Your assignment: Without any pictures, print the lines below from the one that has "KRD PIZZA по" through the one that has "3์ 29์ผ๋ถํฐ 4์", exactly and nothing else.

Recorded data:
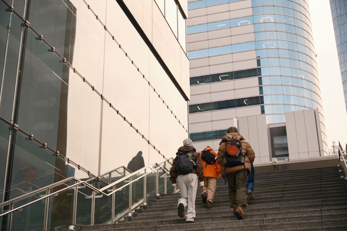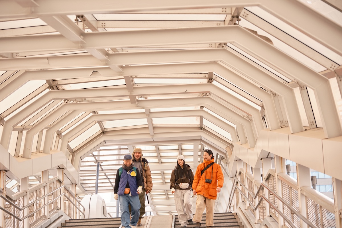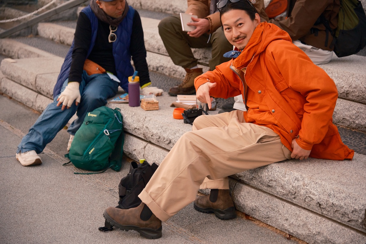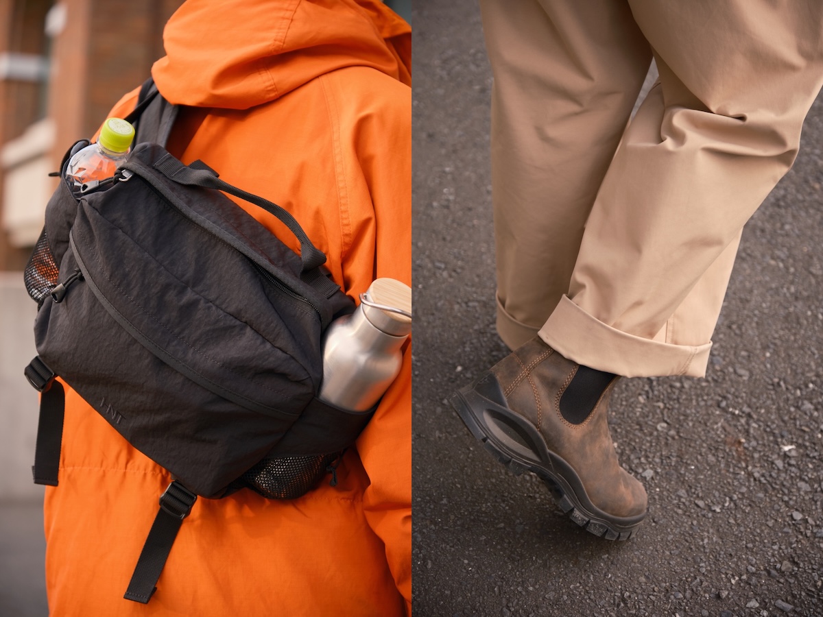 アーバンな街並みを歩くなか、4人のバッグとシューズを拝見。前原さんは自身がディレクションする新ブランド「HNTのヒップバッグ」を愛用。足元は「ブランドストーンのサイドゴアブーツ」をセレクト。
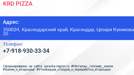KRD PIZZA по адресу 350024, Краснодарский край, Краснодар, Цезаря Куникова, 35 в дальнейшем Организация, размещена в следующих категориях:
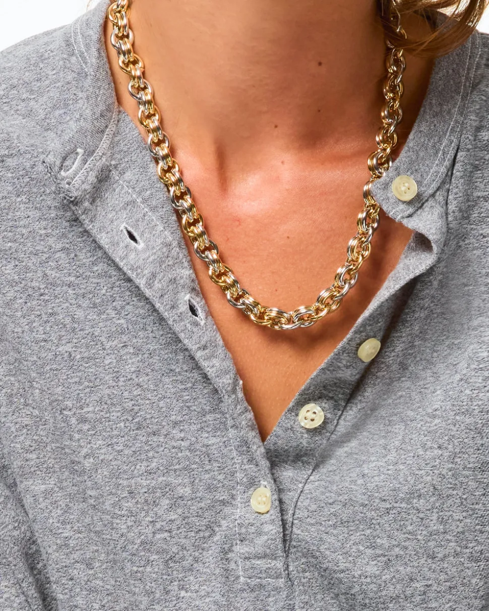 Whimsical, colorful, and crafted with tone-perfect details, Roxanne Assoulin’s four decades of experience—designing for the likes of Marc Jacobs and Oscar de la Renta—are expressed in every piece of her candy-inspired collection of bracelets, chokers, earrings, and more. As the brand likes to say, and as every “it” girl knows, it’s jewelry that makes you smile. The Lush Link Necklace is a bold chain link style in mixed metal tones, finished with a toggle closure for easy, everyday wear.
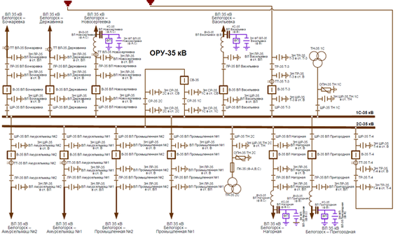 - ОРУ 35кВ – по схеме «Одна рабочая секционированная выключателем система шин»;
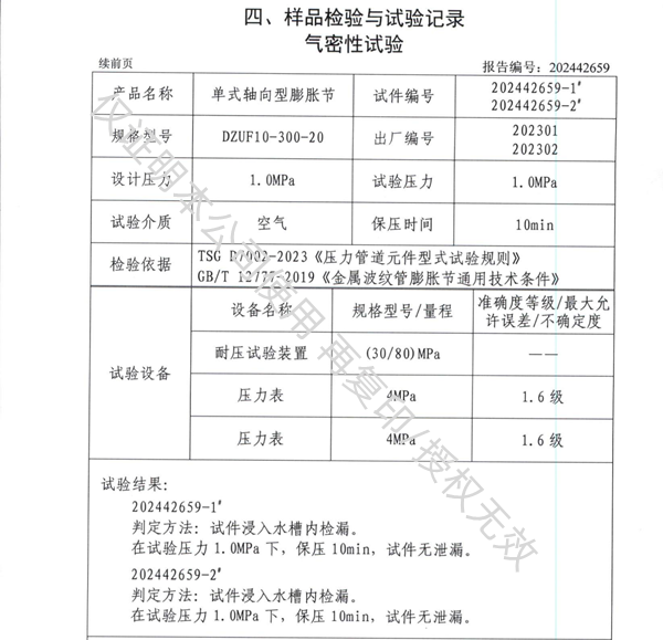 金屬波紋管(膨脹節(jié))氣密性試驗 結論無泄漏
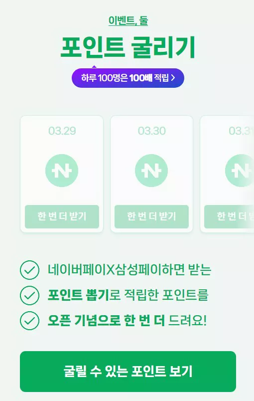 3์ 29์ผ๋ถํฐ 4์ 30์ผ๊น์ง ๋ค์ด๋ฒํ์ด ์ผ์ฑํ์ด๋ก ์ฒซ ํ์ฅ ๊ฒฐ์ ์์๋ ๋ฐ๋ก 2์ฒ ํฌ์ธํธ๋ฅผ ์ ๋ฆฝ๋ฐ์ ์ ์์ต๋๋ค.
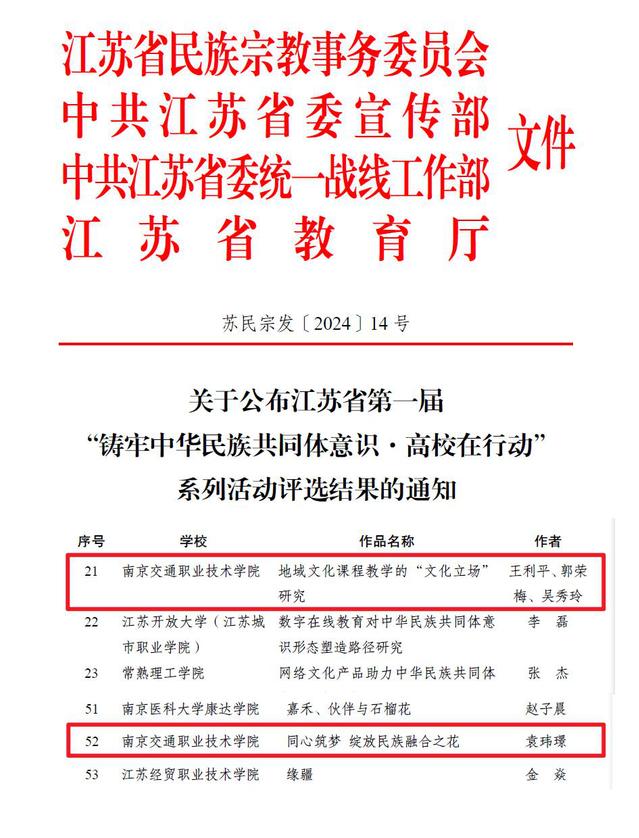 鑄牢中華民族共同體意識(shí),是學(xué)校立德樹人的一項(xiàng)基礎(chǔ)工程,事關(guān)黨和國(guó)家事業(yè)后繼有人,事關(guān)中華民族未來。近日,省民宗委、省委宣傳部、省委統(tǒng)戰(zhàn)部和省教育廳公布了省第一屆“鑄牢中華民族共同體意識(shí)·高校在行動(dòng)”系列活動(dòng)的評(píng)選結(jié)果,學(xué)院報(bào)送的兩項(xiàng)作品獲獎(jiǎng)。在征文比賽中,由基礎(chǔ)部直屬黨支部選送的《同心筑夢(mèng)綻放民族融合之花》(作者:袁瑋璟)獲普通類征文三等獎(jiǎng);由馬克思主義學(xué)院選送的《地域文化課程教學(xué)的“文化立場(chǎng)” 研究》(作者:王利平、郭榮梅、吳秀玲)獲學(xué)術(shù)類征文優(yōu)勝獎(jiǎng)。

Result:
KRD PIZZA по адресу 350024, Краснодарский край, Краснодар, Цезаря Куникова, 35 в дальнейшем Организация, размещена в следующих категориях:
 Whimsical, colorful, and crafted with tone-perfect details, Roxanne Assoulin’s four decades of experience—designing for the likes of Marc Jacobs and Oscar de la Renta—are expressed in every piece of her candy-inspired collection of bracelets, chokers, earrings, and more. As the brand likes to say, and as every “it” girl knows, it’s jewelry that makes you smile. The Lush Link Necklace is a bold chain link style in mixed metal tones, finished with a toggle closure for easy, everyday wear.
 - ОРУ 35кВ – по схеме «Одна рабочая секционированная выключателем система шин»;
 金屬波紋管(膨脹節(jié))氣密性試驗 結論無泄漏
 3์ 29์ผ๋ถํฐ 4์ 30์ผ๊น์ง ๋ค์ด๋ฒํ์ด ์ผ์ฑํ์ด๋ก ์ฒซ ํ์ฅ ๊ฒฐ์ ์์๋ ๋ฐ๋ก 2์ฒ ํฌ์ธํธ๋ฅผ ์ ๋ฆฝ๋ฐ์ ์ ์์ต๋๋ค.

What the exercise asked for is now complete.